Later in that same interview, Odjick said his life’s mission was to eradicate poverty among First Nations people. He said this matter-of-factly, the way another person might say their life’s mission is to retire at 60. He travelled all over B.C. to aboriginal communities where he was treated like a rock star.
One friend tells a story about how Odjick connected with a 13-year-old boy up north. The kid had never been farther than Williams Lake and said his dream was to go the PNE. Odjick arranged to fly the family to Vancouver, but it was his reaction after this good deed that stayed with his friend.
“He told me we’ve got to reach more people,” Odjick’s pal said. “Some of these people have never had a chance. We have to give them a chance.”
Says Odjick: “I really did the best I could do there, to create opportunity and to let people know there were opportunities. I’m really proud of that part.”

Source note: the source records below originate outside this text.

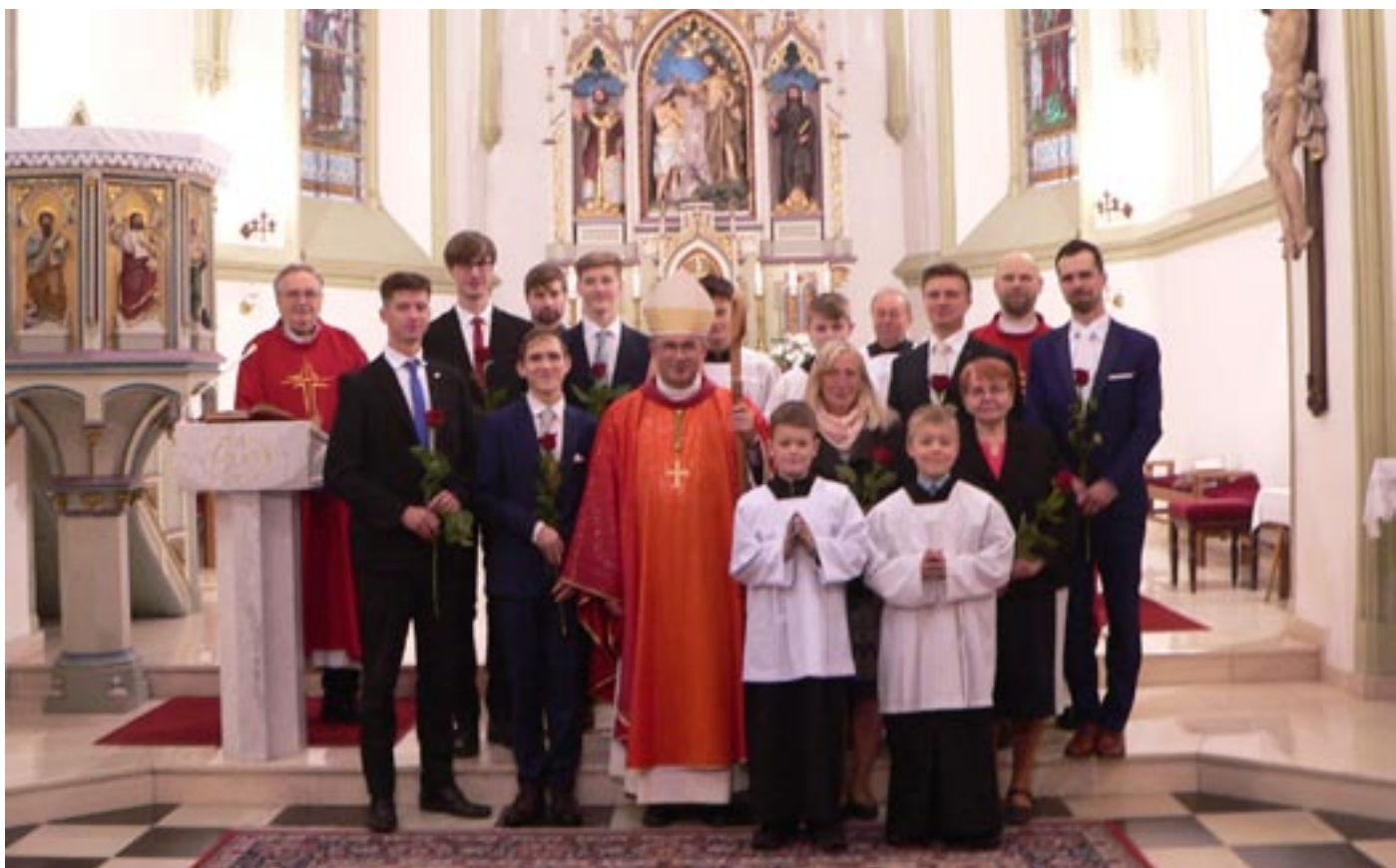
Bířmování, 4. listopadu 2022
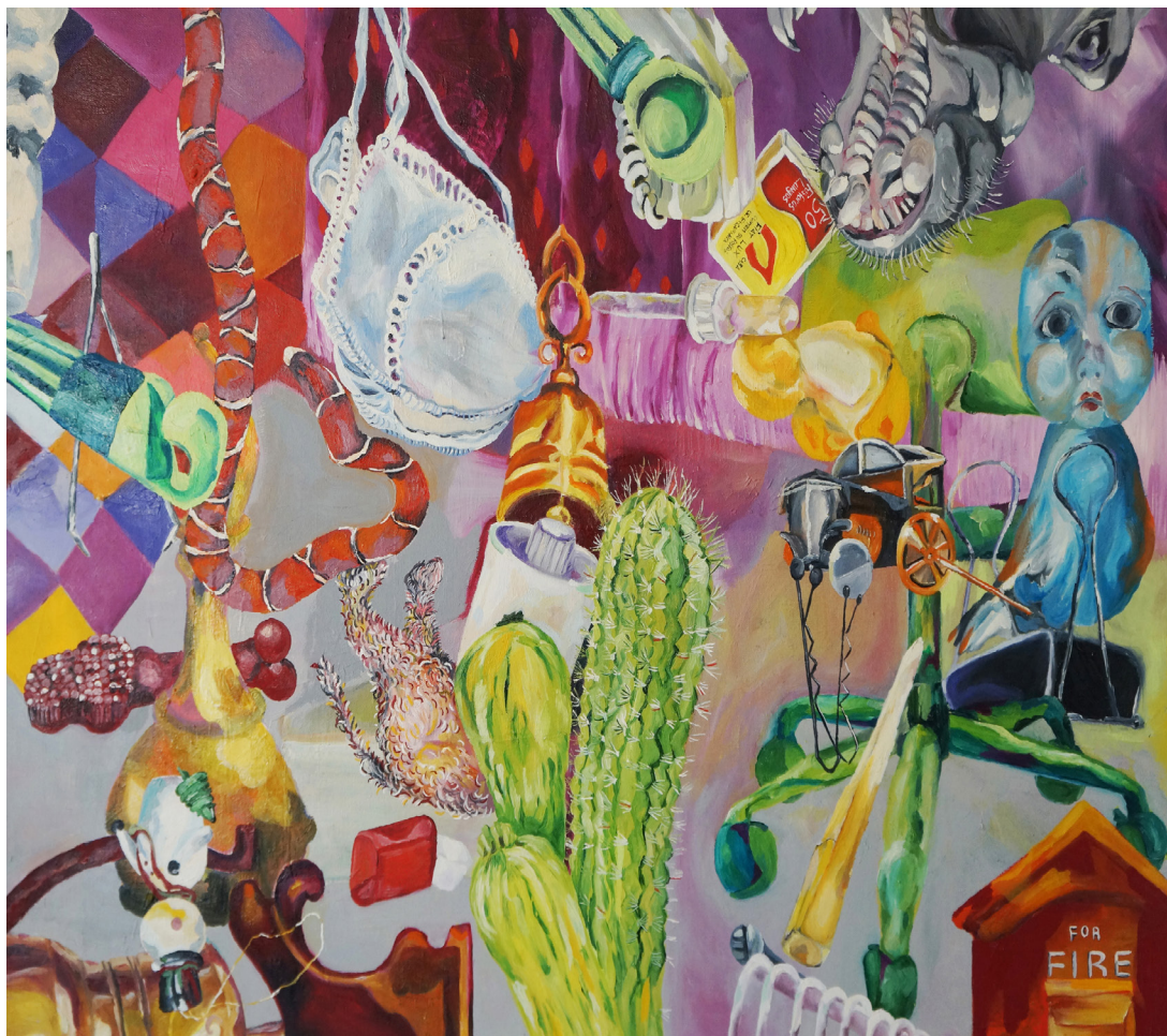
INVENTÁRIOS 4# ÓLEO SOBRE TELA 80 x 60 CM 2019 R$3.900
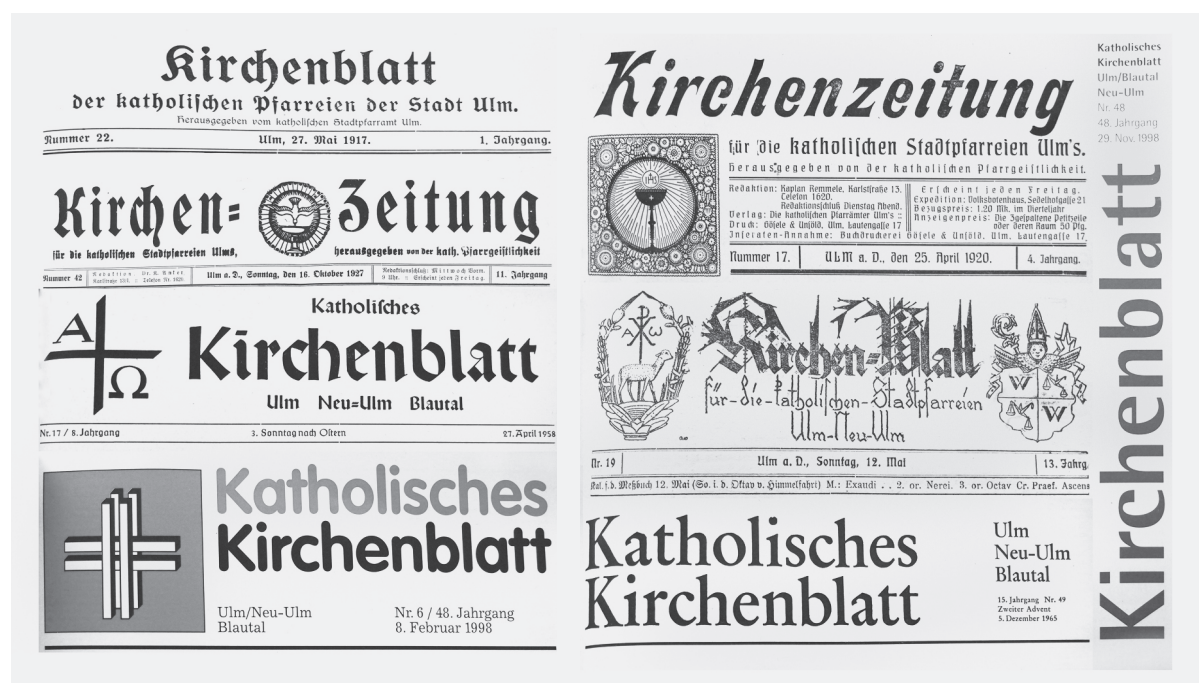
Die Kirchenblätter Ulms.
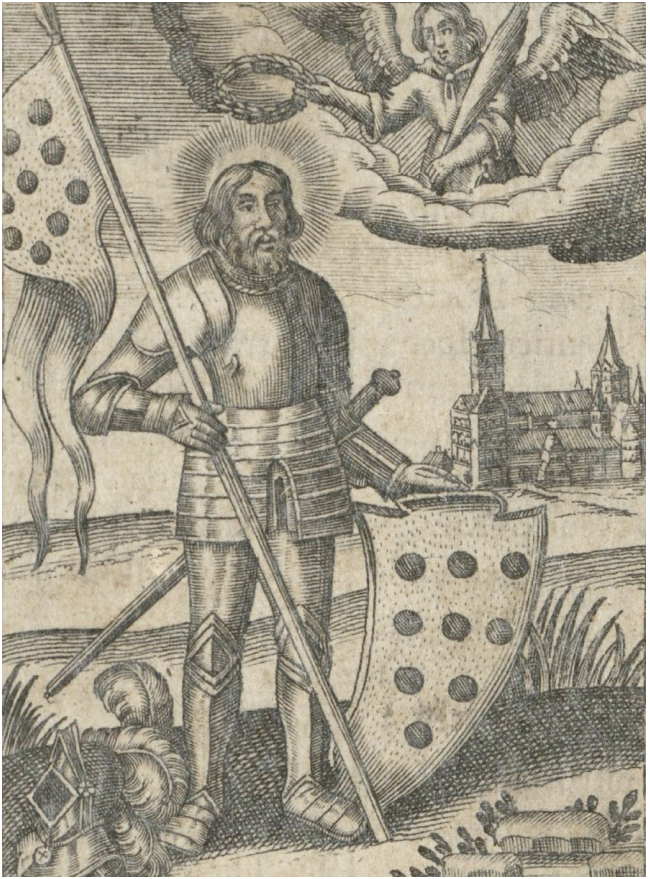
Das ist ein Bild vom Heiligen Quirin etwa aus dem Jahr 1670. Hinter ihm sieht man die Kirche vom Quirinstift mit 2 Kirchtürmen.
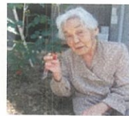
H23・6月 キュウリとトマトを収穫
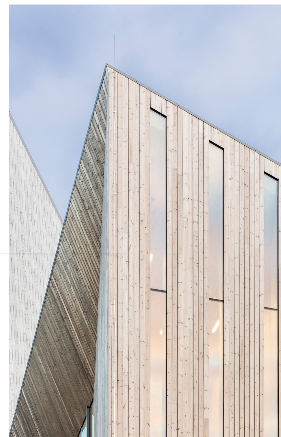
Trekledning - hovedvolum

Det er foreslått utstrakt bruk av tre i byggets fasader, med innslag av metallkledning for deler av bygget som er trukket tilbake fra hovedvolumet. En menneskelig skala kommer til uttrykk i fasaden gjennom oppdelte vindusflater og fasademessig detaljering.
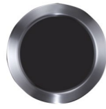
Aufsatzring 2 großer Einwurf
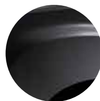
MELNĀ PEARL (2)
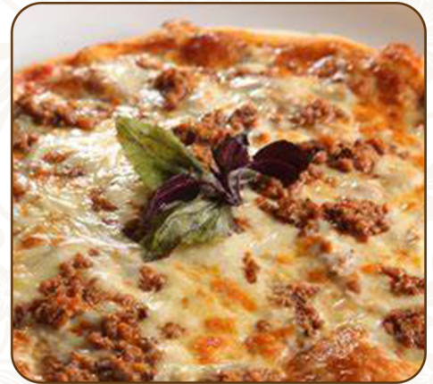
MINCED BEEF PIZZA $80

French fries, crisped bacon, baked mozzarella cheese 炸薯條、煙肉脆、烤馬蘇里拉芝士
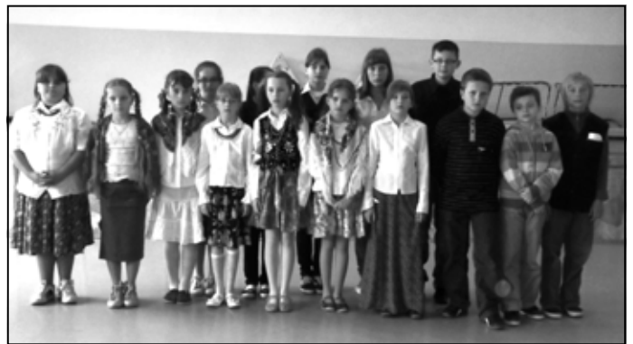
Uczestnicy konkursu i recytatorzy.

And he’s proud of his eight children, who remain his priority. They range in age from 11 to 27 — one son is named Bure after his former teammate — and most of them live back East.
“I’m going to go back East in a bit,” he says. “I’ve got to spend some time with my kids. Then we’ll go from there.”
He understands his situation; understands this could be the end of his journey. But if he’s feeling sorry for himself, he does a good job of hiding it. Whatever time he has left will be devoted to his children and his people. That’s all that’s important right now.
Come to think of it, that’s all that’s ever been important.
“It’s beyond that now,” he answers when asked if he’s ever wondered, ‘Why me?’ “Now, it’s what can I do to make this better.”
“Hopefully, he fights for himself now,” says Quinn.
And he will fight on. No matter how this ends, he will fight on.